[Data excerpts]
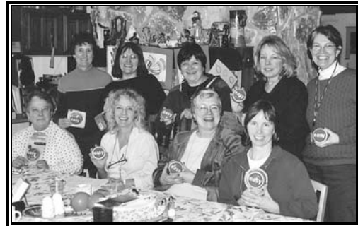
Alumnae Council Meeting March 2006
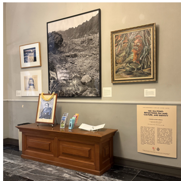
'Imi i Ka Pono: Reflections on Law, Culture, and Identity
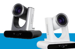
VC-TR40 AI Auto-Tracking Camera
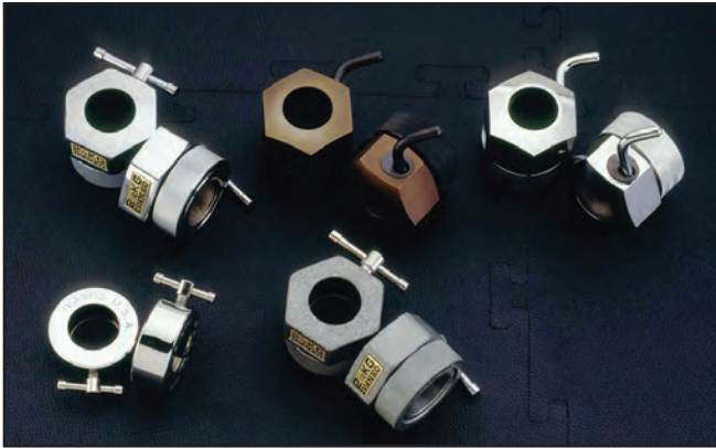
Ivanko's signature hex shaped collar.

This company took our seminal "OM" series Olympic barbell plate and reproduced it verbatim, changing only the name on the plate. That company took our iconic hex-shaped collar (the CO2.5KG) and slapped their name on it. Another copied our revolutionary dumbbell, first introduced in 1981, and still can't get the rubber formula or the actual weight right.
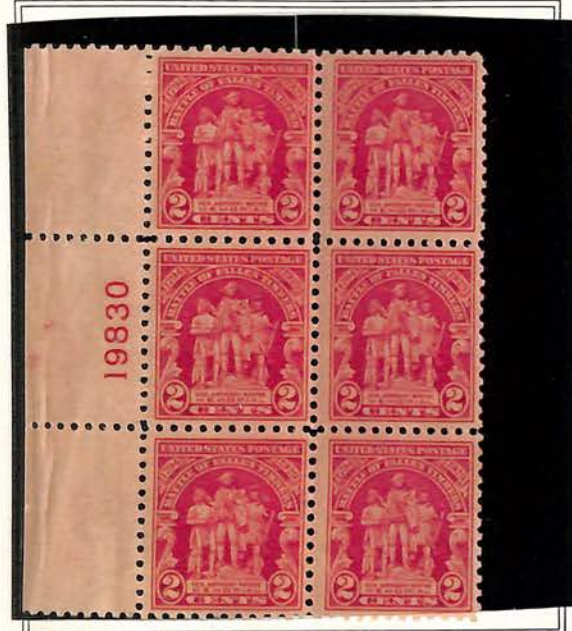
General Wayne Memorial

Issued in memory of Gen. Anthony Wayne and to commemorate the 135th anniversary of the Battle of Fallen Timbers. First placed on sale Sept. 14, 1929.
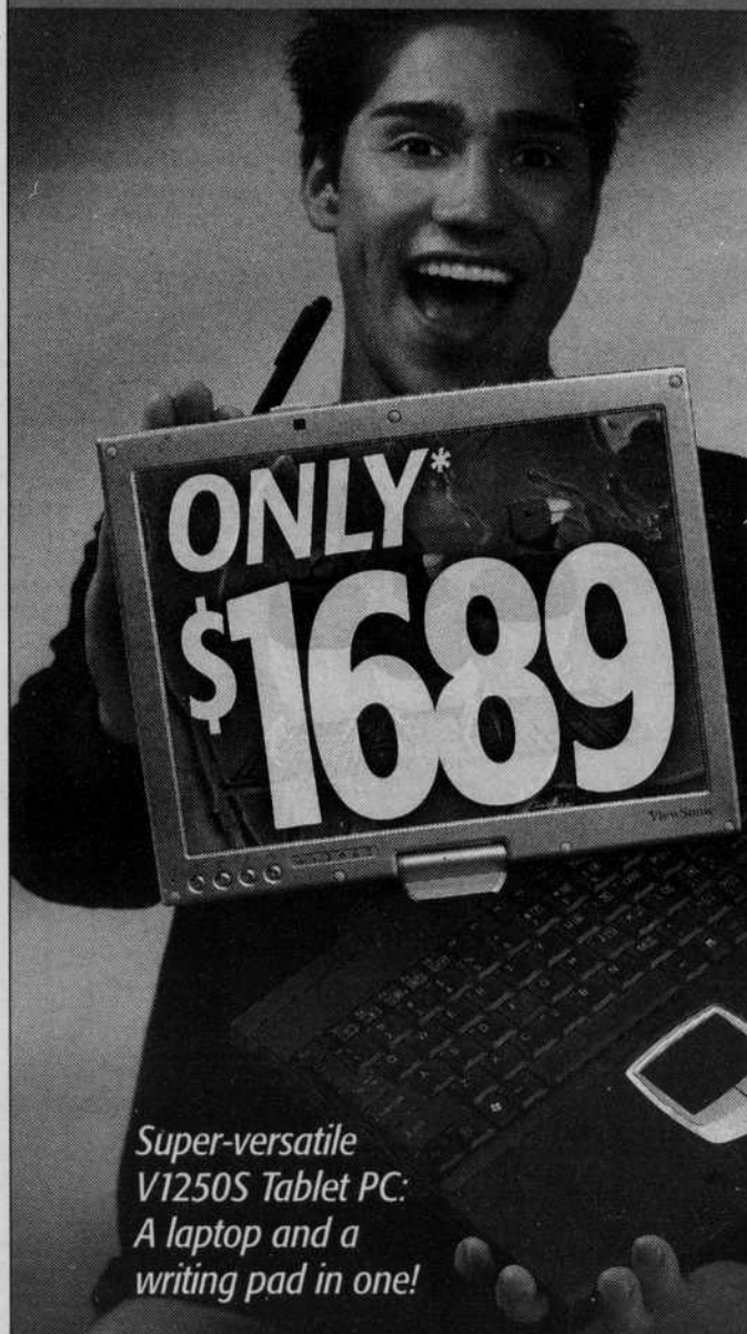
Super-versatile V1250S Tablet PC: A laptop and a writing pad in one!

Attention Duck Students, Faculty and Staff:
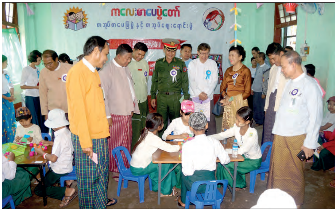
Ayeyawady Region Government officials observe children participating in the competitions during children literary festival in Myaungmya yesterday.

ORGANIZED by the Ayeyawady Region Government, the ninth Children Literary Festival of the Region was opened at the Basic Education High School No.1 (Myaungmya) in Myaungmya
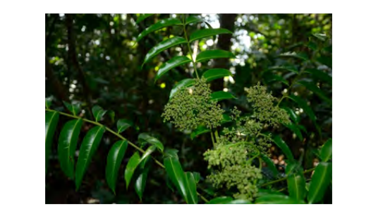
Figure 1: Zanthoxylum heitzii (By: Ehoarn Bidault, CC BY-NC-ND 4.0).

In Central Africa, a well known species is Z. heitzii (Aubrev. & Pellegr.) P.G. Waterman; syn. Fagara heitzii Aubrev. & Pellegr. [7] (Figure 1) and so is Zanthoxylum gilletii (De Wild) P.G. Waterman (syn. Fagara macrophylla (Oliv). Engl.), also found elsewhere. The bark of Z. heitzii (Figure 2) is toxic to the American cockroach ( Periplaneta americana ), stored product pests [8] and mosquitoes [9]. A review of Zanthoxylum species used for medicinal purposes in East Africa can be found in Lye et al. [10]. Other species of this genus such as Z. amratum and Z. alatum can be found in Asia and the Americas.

...

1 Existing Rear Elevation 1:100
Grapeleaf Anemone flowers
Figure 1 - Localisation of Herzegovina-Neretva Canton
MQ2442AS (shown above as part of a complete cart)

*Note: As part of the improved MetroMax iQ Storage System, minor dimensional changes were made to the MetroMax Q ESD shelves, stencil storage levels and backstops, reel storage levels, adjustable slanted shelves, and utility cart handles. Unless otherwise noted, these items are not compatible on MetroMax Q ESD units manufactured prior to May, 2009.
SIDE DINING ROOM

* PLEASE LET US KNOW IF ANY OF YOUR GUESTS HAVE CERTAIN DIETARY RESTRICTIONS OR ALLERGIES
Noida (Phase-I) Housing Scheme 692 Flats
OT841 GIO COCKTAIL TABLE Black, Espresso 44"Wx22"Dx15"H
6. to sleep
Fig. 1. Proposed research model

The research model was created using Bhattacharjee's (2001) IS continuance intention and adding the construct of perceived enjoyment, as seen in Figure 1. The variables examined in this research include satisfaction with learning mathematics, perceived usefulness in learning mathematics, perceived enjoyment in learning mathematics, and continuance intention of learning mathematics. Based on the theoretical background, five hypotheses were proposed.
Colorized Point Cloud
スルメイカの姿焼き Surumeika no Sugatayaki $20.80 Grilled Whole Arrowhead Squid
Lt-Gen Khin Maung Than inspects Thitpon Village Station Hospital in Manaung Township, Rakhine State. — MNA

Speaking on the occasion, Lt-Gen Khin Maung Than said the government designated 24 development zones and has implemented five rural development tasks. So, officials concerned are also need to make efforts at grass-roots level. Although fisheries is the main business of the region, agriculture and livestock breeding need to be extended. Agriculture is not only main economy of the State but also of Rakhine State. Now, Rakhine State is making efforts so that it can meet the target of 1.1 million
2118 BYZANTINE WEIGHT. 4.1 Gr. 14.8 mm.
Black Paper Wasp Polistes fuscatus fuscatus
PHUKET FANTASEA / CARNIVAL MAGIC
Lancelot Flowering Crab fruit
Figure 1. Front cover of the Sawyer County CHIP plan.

...

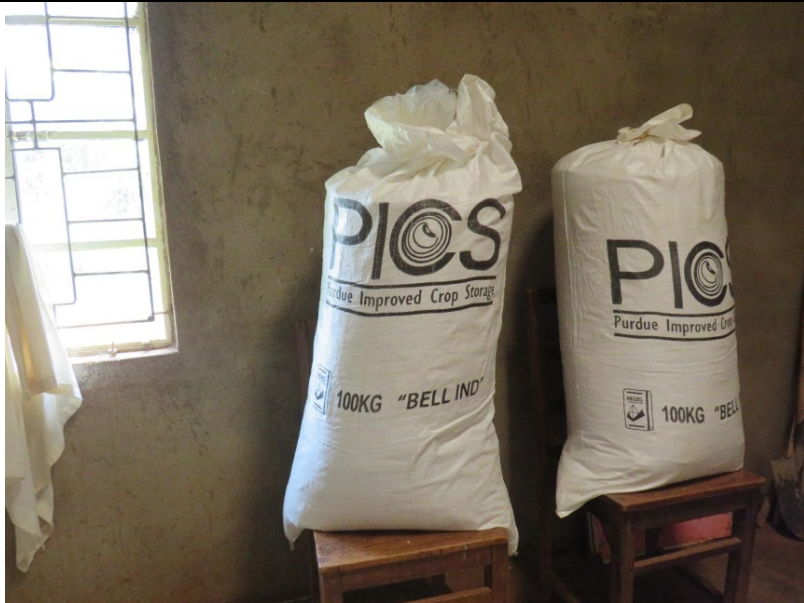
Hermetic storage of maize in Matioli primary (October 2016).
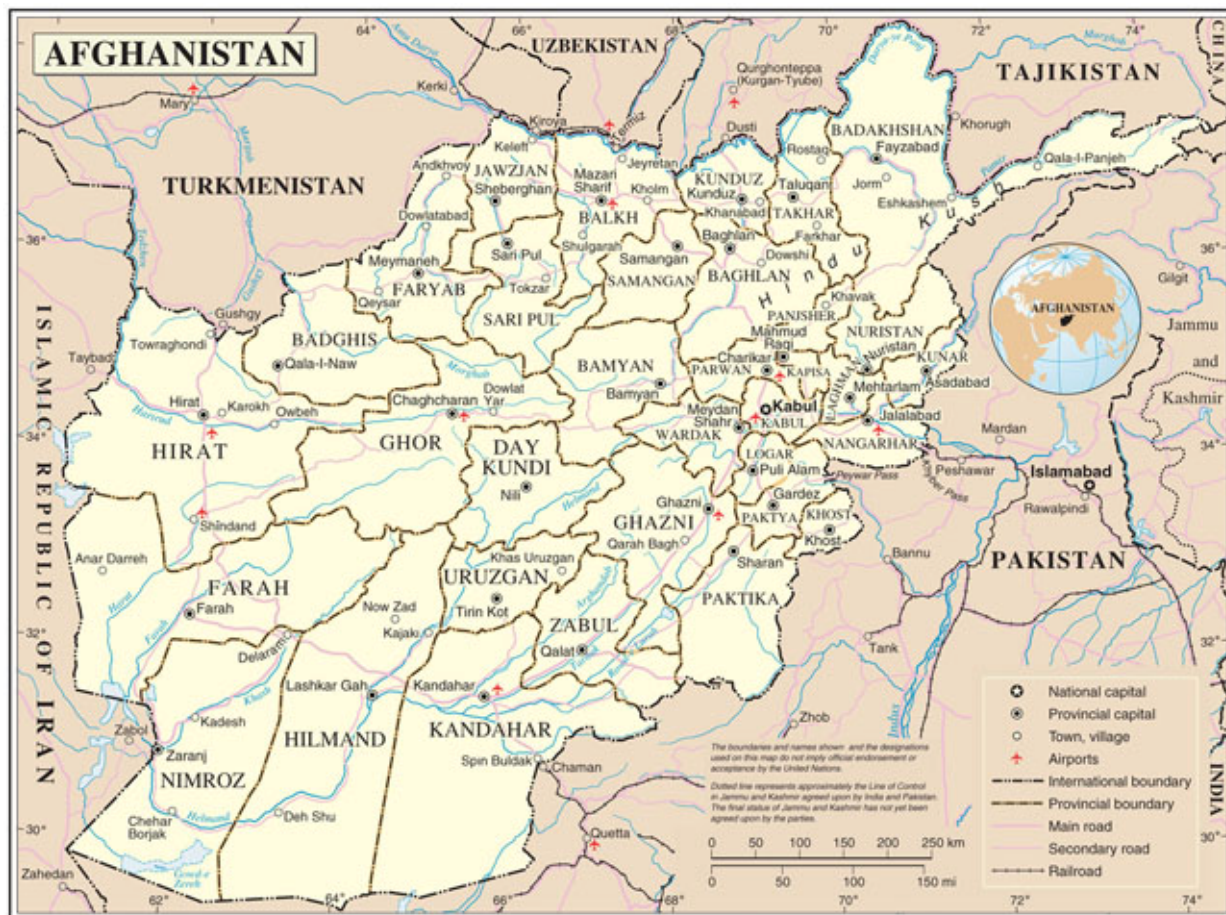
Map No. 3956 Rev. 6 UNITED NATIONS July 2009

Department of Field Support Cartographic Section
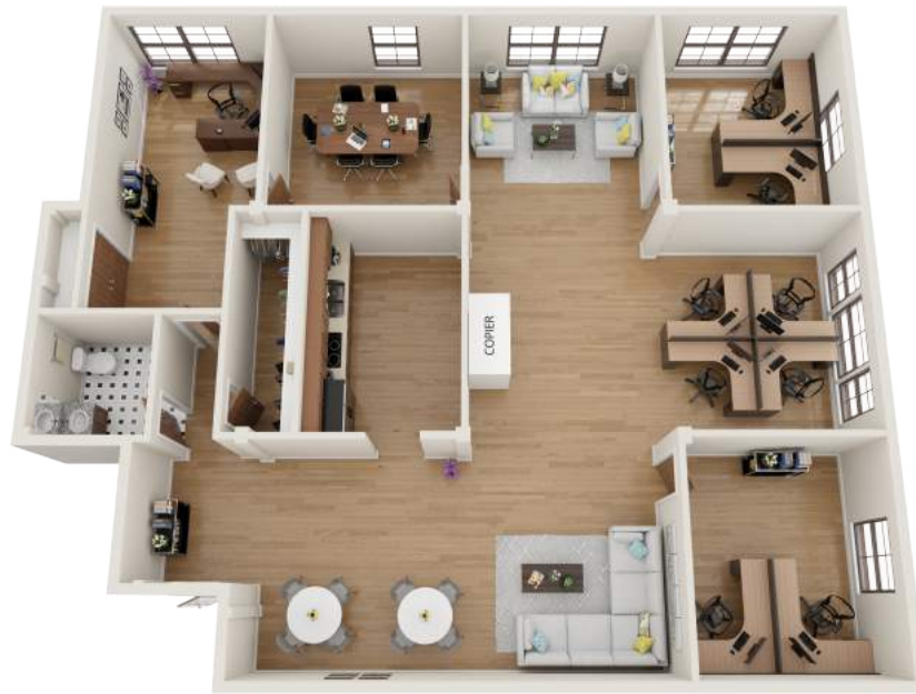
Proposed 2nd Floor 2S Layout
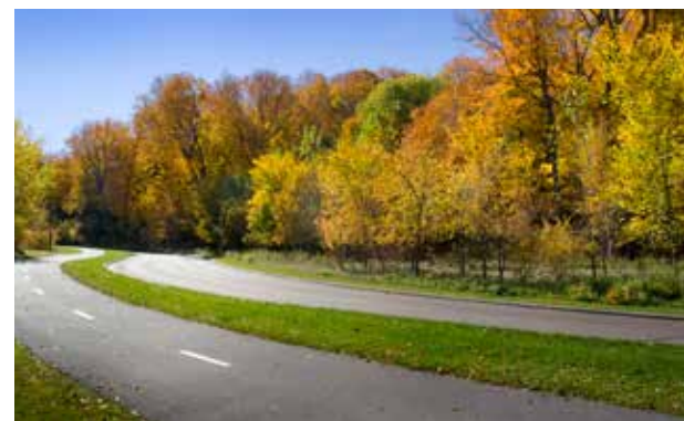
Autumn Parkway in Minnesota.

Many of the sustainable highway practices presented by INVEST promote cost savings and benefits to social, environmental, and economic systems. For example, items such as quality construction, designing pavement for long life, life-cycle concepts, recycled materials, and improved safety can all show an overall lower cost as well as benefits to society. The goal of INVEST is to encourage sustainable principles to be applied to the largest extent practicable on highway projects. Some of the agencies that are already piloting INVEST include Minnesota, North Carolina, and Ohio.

> [Problem to work on]: Once you find the string "Wayne" in a line of the records, copy that line.

> [Response area]:
General Wayne Memorial
Issued in memory of Gen. Anthony Wayne and to commemorate the 135th anniversary of the Battle of Fallen Timbers. First placed on sale Sept. 14, 1929.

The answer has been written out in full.